*** Opening of Records to use ***

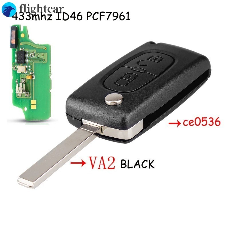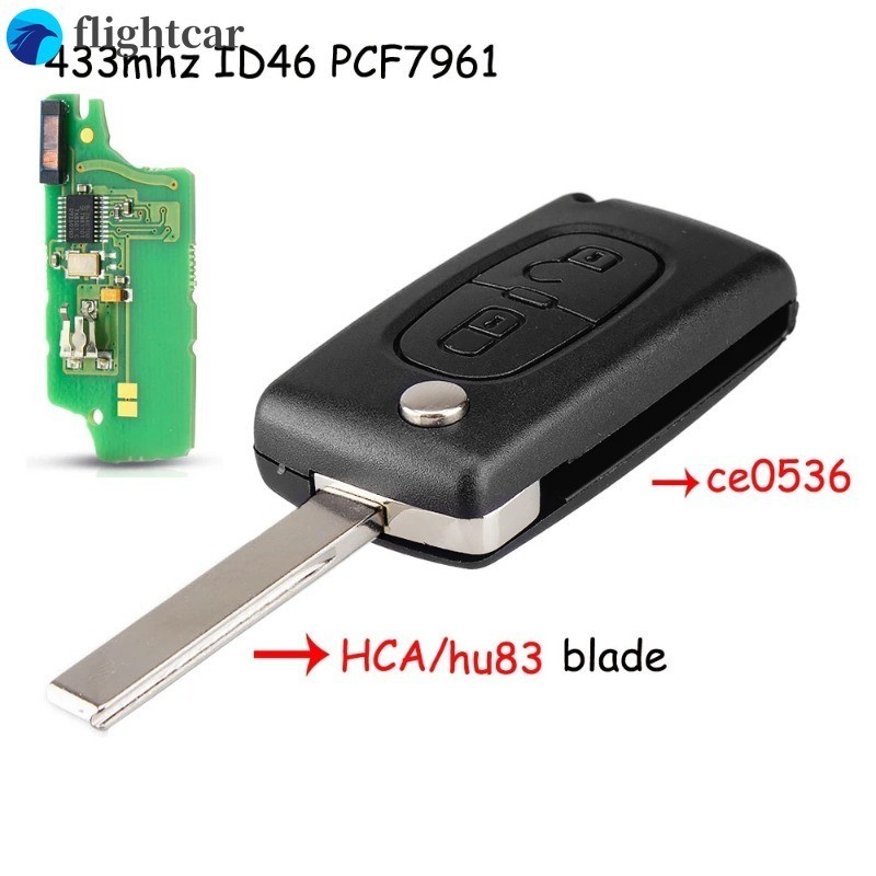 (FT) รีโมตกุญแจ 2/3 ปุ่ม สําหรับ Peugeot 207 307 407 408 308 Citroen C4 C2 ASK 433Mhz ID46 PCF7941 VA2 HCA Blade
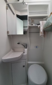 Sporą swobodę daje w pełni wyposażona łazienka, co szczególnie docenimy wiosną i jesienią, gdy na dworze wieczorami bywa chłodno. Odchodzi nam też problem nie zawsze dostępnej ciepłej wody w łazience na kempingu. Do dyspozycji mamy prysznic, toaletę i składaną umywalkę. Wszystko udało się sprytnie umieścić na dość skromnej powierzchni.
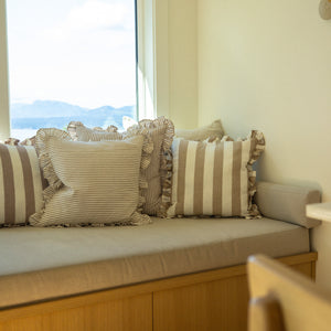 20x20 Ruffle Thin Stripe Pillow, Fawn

*** Close of Records to use ***
*** Opening of Records to use ***

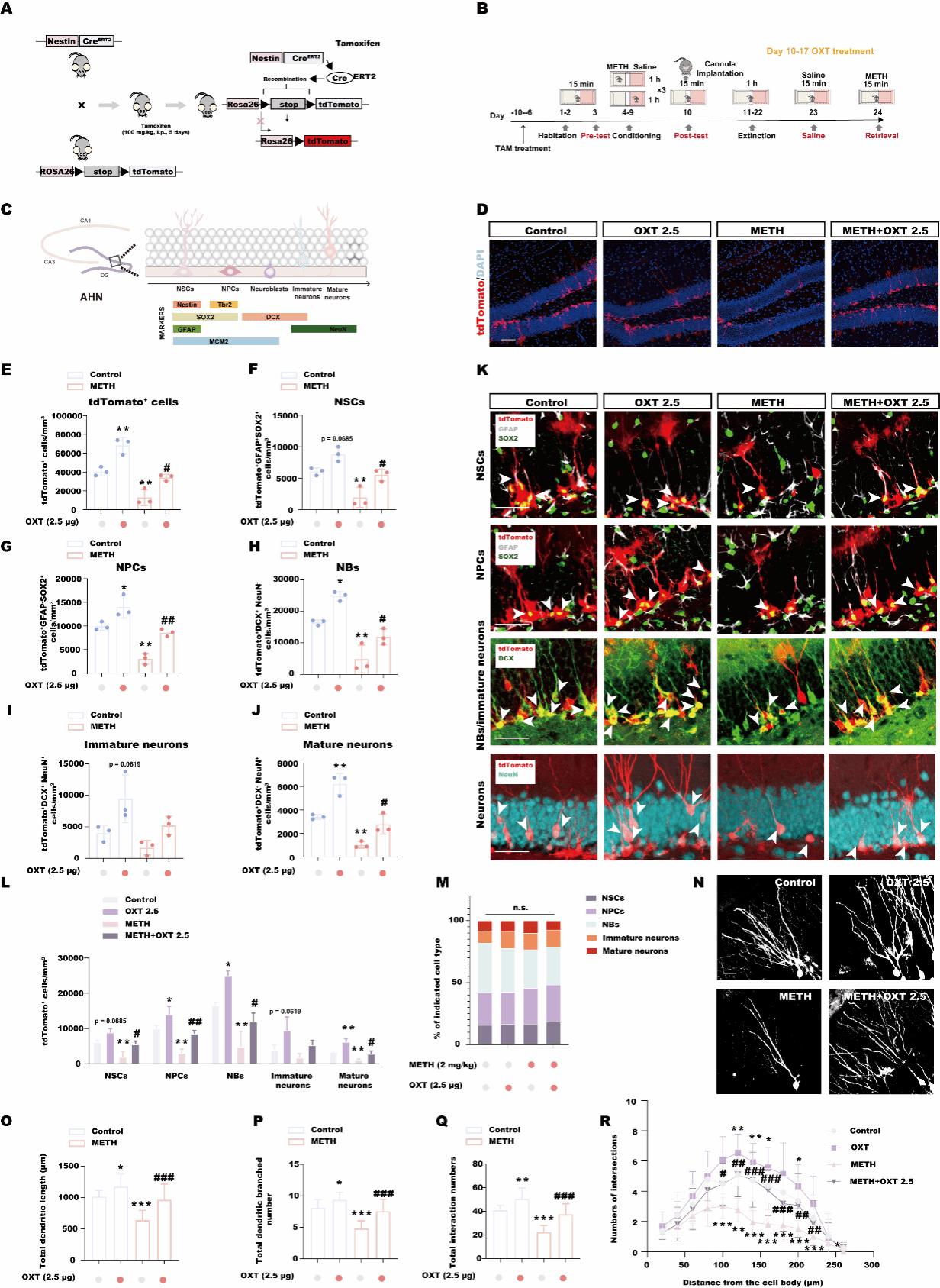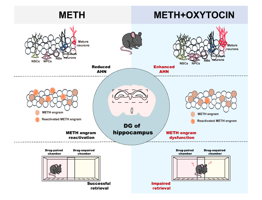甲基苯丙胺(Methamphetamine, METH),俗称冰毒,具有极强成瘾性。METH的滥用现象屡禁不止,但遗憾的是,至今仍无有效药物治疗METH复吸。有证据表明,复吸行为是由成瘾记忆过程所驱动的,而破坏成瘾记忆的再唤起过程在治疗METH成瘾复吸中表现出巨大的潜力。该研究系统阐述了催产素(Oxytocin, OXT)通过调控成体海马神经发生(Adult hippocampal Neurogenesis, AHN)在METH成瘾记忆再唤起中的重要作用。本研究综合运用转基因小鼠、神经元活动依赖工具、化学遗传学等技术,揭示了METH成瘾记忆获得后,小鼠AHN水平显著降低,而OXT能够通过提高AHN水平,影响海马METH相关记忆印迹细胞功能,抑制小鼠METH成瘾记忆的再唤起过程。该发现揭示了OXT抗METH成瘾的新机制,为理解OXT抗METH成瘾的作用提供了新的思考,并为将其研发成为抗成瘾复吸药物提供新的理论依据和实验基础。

*** Close of Records to use ***

• Description of the task: After locating "(FT) รีโมตกุญแจ 2/3" and "20x20 Ruffle Thin Stripe Pillow, Fawn" in the records above, return exactly the line holding each one and every line between them; leave out the pictures.

• Task solution:
 (FT) รีโมตกุญแจ 2/3 ปุ่ม สําหรับ Peugeot 207 307 407 408 308 Citroen C4 C2 ASK 433Mhz ID46 PCF7941 VA2 HCA Blade
 Sporą swobodę daje w pełni wyposażona łazienka, co szczególnie docenimy wiosną i jesienią, gdy na dworze wieczorami bywa chłodno. Odchodzi nam też problem nie zawsze dostępnej ciepłej wody w łazience na kempingu. Do dyspozycji mamy prysznic, toaletę i składaną umywalkę. Wszystko udało się sprytnie umieścić na dość skromnej powierzchni.
 20x20 Ruffle Thin Stripe Pillow, Fawn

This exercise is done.